The California Association of Realtors (CAR) publishes the California Housing Market Forecast every December to help people plan for the upcoming year. According to CAR's data, property prices in California declined in December. However, the most recent figures for January indicate that prices are once again finding support. The high costs of repairing and recovering from the effects of floods, coastal erosion, landslides, falling trees, business closures and other disasters are still a problem for homeowners.
Buyers are unable to afford high property prices in California despite strong cumulative demand. As a result, many people have moved to places where housing is much more affordable. Fewer buyers are expected in the next three to six months due to increasing unemployment and decreasing business profits (the technology industry continues to suffer a severe blow). The increase in consumer confidence is at odds with persistent price increases and the likely inability of the Federal Reserve to lower interest rates.
But will this discourage California consumers? There is still a high demand for goods and services in California. In particular, larger counties such as San Diego County would feel the effects of rising mortgage rates and property prices more strongly than the state average price. Although the housing market is evolving and the Zillow Home Value Index is changing in many places, many other experts are advocating a slower rise in property prices than what we've seen since the COVID-19 pandemic. All counties in the north will experience a decline in sales and prices due to the spill of atmospheric rain.
If rates don't rise “significantly” above 6% for an extended period and the economy avoids a recession, home prices in Southern California should remain virtually stable for the next few years, although some communities that experienced a drastic pandemic boom could suffer declines. Even though house prices have increased in many parts of California, home sales will continue to fall. Levine added: “Home prices will also moderate even more in the coming months, as interest rates remain high in the short term and seasonal factors come into play.” Apartment rental prices are falling in the Bay Area as vacancy rates rise, while other housing markets in the state are thriving.
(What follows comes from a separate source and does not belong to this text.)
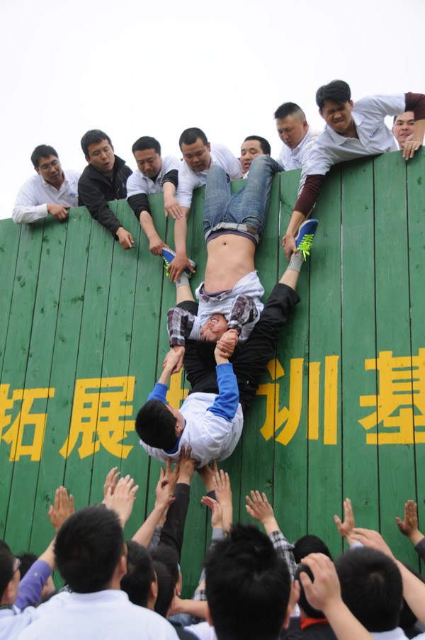 下午的拓展項(xiàng)目更是“體驗(yàn)升級(jí)”,“卓越圈”項(xiàng)目讓人意識(shí)到從優(yōu)秀到卓越不是一蹴而就的,是一個(gè)曲折的過(guò)程,是一個(gè)不斷超越的過(guò)程,在一輪一輪挑戰(zhàn)5.4秒這個(gè)終極時(shí)限的過(guò)程中,我們的年輕干部們磨傷了手、劃傷了臉、蹲酸了腿,任灰塵在身邊沸騰,任汗水在臉上流淌,他們都沒(méi)有退縮一步,不斷的嘗試、改進(jìn)、再?lài)L試、再改進(jìn),最終,5.21秒這個(gè)卓越的成績(jī)被記錄在了成績(jī)冊(cè)上,大家歡呼雀躍。到了最后的挑戰(zhàn)了,“畢業(yè)墻”垂直立于地面,沒(méi)有輔助設(shè)施,沒(méi)有輔助人員,大伙兒覺(jué)得需要1.5小時(shí)這47名學(xué)員才能全部翻過(guò)這面墻——4.2米高的墻。按照教練的指導(dǎo),做基礎(chǔ)的、做輔助的、做保護(hù)的、做拉手的,自發(fā)輪流上陣,伙伴們一個(gè)一個(gè)互相拉扯著翻越了畢業(yè)墻,他們中有人肩膀被踩破了,有的肌肉僵硬了,有的手臂勒紫了,但都沒(méi)有吭一聲,只想著讓所有的伙伴全都快速翻過(guò)墻,堅(jiān)持不懈的精神在他們中不斷傳遞著……終于他們創(chuàng)造了一個(gè)自己都沒(méi)敢想的奇跡,15分49秒51,所有47人全部完成了翻越!

The San Francisco Bay Area experienced the biggest drop in housing prices, with 7.7% per month and 14.6% less than compared to the previous year.
Pending home sales increased as they normally do seasonally with the new year, however, the change in prices is evident in last month's statistics. The combination of risk of a downturn in the housing market, rising interest rates and inflation are causing more California homeowners to consider selling their properties this fall. Jordan Levine, chief economist at CAR, said that there is a 40% chance that home prices in Southern California will fall by at least 5% from peak to low compared to 25% chance in May. Home prices remain persistently high and although they are falling slightly (much more so in the Bay Area), the economic outlook (the effect of Federal Reserve interest rates) doesn't look so bad.
He and other experts said it's extremely unlikely that home prices will plummet as they did during the Great Recession. This updated report covers important statistics such as home prices, sales, and recent home sales trends from CAR, NAR, DOT, St Louis Fed, NAHB, Statista, Zillow and more.